• _What is needed_: When you reach the records, transcribe each one exactly.
* * *
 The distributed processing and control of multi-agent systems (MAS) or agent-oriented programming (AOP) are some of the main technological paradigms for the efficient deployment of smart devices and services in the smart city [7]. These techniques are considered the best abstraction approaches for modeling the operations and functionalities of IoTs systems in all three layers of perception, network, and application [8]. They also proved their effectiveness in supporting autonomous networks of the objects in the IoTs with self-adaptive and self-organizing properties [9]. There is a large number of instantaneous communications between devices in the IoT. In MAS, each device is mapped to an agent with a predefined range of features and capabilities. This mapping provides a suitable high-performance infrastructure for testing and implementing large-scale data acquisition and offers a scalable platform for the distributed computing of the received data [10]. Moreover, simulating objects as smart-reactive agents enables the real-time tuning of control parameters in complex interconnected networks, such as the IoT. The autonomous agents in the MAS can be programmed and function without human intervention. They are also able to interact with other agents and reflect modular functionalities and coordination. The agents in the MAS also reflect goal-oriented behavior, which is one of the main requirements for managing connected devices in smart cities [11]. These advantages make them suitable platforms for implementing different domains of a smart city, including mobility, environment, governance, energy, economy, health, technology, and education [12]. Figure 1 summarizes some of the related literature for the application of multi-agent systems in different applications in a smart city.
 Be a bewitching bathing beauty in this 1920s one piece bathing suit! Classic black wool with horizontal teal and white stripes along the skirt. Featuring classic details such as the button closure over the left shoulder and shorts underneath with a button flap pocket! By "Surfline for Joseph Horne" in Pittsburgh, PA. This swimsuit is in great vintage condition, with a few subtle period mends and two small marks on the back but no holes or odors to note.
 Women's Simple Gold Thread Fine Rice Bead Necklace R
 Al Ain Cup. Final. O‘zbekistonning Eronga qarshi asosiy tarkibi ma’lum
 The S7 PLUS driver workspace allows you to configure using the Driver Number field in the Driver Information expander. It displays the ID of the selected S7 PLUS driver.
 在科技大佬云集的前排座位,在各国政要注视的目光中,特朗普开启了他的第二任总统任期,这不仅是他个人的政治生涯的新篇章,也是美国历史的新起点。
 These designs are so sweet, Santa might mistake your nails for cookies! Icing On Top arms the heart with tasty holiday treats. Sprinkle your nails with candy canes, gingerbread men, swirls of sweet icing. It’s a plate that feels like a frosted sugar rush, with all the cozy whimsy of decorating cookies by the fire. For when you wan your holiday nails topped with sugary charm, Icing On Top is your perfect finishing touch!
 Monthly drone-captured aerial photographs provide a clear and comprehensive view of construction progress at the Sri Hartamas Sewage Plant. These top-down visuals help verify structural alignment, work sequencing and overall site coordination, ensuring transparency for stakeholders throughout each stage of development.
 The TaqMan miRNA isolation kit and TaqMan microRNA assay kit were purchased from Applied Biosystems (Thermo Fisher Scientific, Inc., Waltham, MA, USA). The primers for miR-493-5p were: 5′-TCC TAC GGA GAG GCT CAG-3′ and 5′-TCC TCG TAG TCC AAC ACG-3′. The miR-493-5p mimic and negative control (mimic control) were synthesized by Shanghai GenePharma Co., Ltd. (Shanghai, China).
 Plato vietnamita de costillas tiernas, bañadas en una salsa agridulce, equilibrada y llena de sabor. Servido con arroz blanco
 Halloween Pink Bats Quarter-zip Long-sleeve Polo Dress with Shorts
* * *
• _Result_:
 The distributed processing and control of multi-agent systems (MAS) or agent-oriented programming (AOP) are some of the main technological paradigms for the efficient deployment of smart devices and services in the smart city [7]. These techniques are considered the best abstraction approaches for modeling the operations and functionalities of IoTs systems in all three layers of perception, network, and application [8]. They also proved their effectiveness in supporting autonomous networks of the objects in the IoTs with self-adaptive and self-organizing properties [9]. There is a large number of instantaneous communications between devices in the IoT. In MAS, each device is mapped to an agent with a predefined range of features and capabilities. This mapping provides a suitable high-performance infrastructure for testing and implementing large-scale data acquisition and offers a scalable platform for the distributed computing of the received data [10]. Moreover, simulating objects as smart-reactive agents enables the real-time tuning of control parameters in complex interconnected networks, such as the IoT. The autonomous agents in the MAS can be programmed and function without human intervention. They are also able to interact with other agents and reflect modular functionalities and coordination. The agents in the MAS also reflect goal-oriented behavior, which is one of the main requirements for managing connected devices in smart cities [11]. These advantages make them suitable platforms for implementing different domains of a smart city, including mobility, environment, governance, energy, economy, health, technology, and education [12]. Figure 1 summarizes some of the related literature for the application of multi-agent systems in different applications in a smart city.
 Be a bewitching bathing beauty in this 1920s one piece bathing suit! Classic black wool with horizontal teal and white stripes along the skirt. Featuring classic details such as the button closure over the left shoulder and shorts underneath with a button flap pocket! By "Surfline for Joseph Horne" in Pittsburgh, PA. This swimsuit is in great vintage condition, with a few subtle period mends and two small marks on the back but no holes or odors to note.
 Women's Simple Gold Thread Fine Rice Bead Necklace R
 Al Ain Cup. Final. O‘zbekistonning Eronga qarshi asosiy tarkibi ma’lum
 The S7 PLUS driver workspace allows you to configure using the Driver Number field in the Driver Information expander. It displays the ID of the selected S7 PLUS driver.
 在科技大佬云集的前排座位,在各国政要注视的目光中,特朗普开启了他的第二任总统任期,这不仅是他个人的政治生涯的新篇章,也是美国历史的新起点。
 These designs are so sweet, Santa might mistake your nails for cookies! Icing On Top arms the heart with tasty holiday treats. Sprinkle your nails with candy canes, gingerbread men, swirls of sweet icing. It’s a plate that feels like a frosted sugar rush, with all the cozy whimsy of decorating cookies by the fire. For when you wan your holiday nails topped with sugary charm, Icing On Top is your perfect finishing touch!
 Monthly drone-captured aerial photographs provide a clear and comprehensive view of construction progress at the Sri Hartamas Sewage Plant. These top-down visuals help verify structural alignment, work sequencing and overall site coordination, ensuring transparency for stakeholders throughout each stage of development.
 The TaqMan miRNA isolation kit and TaqMan microRNA assay kit were purchased from Applied Biosystems (Thermo Fisher Scientific, Inc., Waltham, MA, USA). The primers for miR-493-5p were: 5′-TCC TAC GGA GAG GCT CAG-3′ and 5′-TCC TCG TAG TCC AAC ACG-3′. The miR-493-5p mimic and negative control (mimic control) were synthesized by Shanghai GenePharma Co., Ltd. (Shanghai, China).
 Plato vietnamita de costillas tiernas, bañadas en una salsa agridulce, equilibrada y llena de sabor. Servido con arroz blanco
 Halloween Pink Bats Quarter-zip Long-sleeve Polo Dress with Shorts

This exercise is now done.